Established in the town of Anières since 1957, the Chevrens Center is deigned to welcome and meet the educational needs of adolescnets aged 14 to 18 placed in boarding schools.
At the entrance to the village of Chevrens – Anières, the new constructions of the guidelines of the existing fabric, notably by strengthening the single-fronted structure of the village-street with an irregular succession of courtyards and narrows. Like this, the location of the project defines an ensemble built around a courtyard open to the road and this marks the transition between the countryside and the built environment.
Around the courtyard, two separate volumes share the main functions of the institution.
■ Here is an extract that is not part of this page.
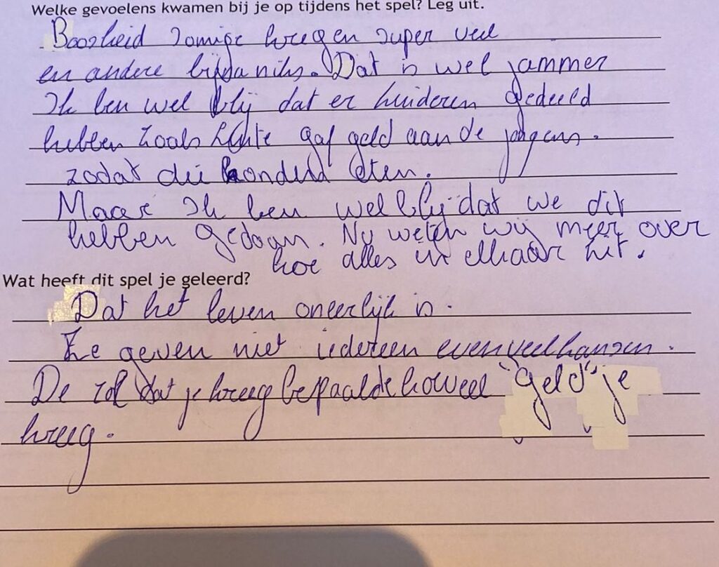 Uit de reflecties achteraf bleek hoe spannend, soms heftig maar uiteindelijk erg leerrijk het was om te voelen hoe oneerlijk het er soms in de wereld aan toegaat en te zien wat we daar (niet) aan kunnen doen. Gelukkig dat in onze kleine wereld van het eerste jaar alle etensresten gelijk werden verdeeld onder alle leerlingen.

A double building, with an administrative level and two living levels, serves as a living space for young people and supervisory staff. The second volume, closer to the road and lower than the other, is devoted to training. Yet defined as a unit, the two volumes are deliberately distinguished from each other in order to identify them by their uses: a place to live and a place to work.
The facades of the buildings are inspired by the place. If those of the dwellings of the hamlet are mainly in masonry, those of the large farms located at the entrances and exits of Chevrens and the neighboring villages are in traditional wooden cladding. The project combines these two principles by proposing to use traditional wooden facades as formwork bottoms for reinforced concrete facades. If all raw concrete negotiates with the question of the footprint of the formwork, here this phenomenon is taken to its climax so that the box takes on the appearance of the formwork. At first glance, these are wooden rural houses, but as you approach you discover that the whole is made of concrete. This transfer of traditional construction principles to shuttering and architectural form reminds us of the magic of a fossilized plant. The location and the materiality of the new intervention suggest that it has always been part of the Chevrens landscape.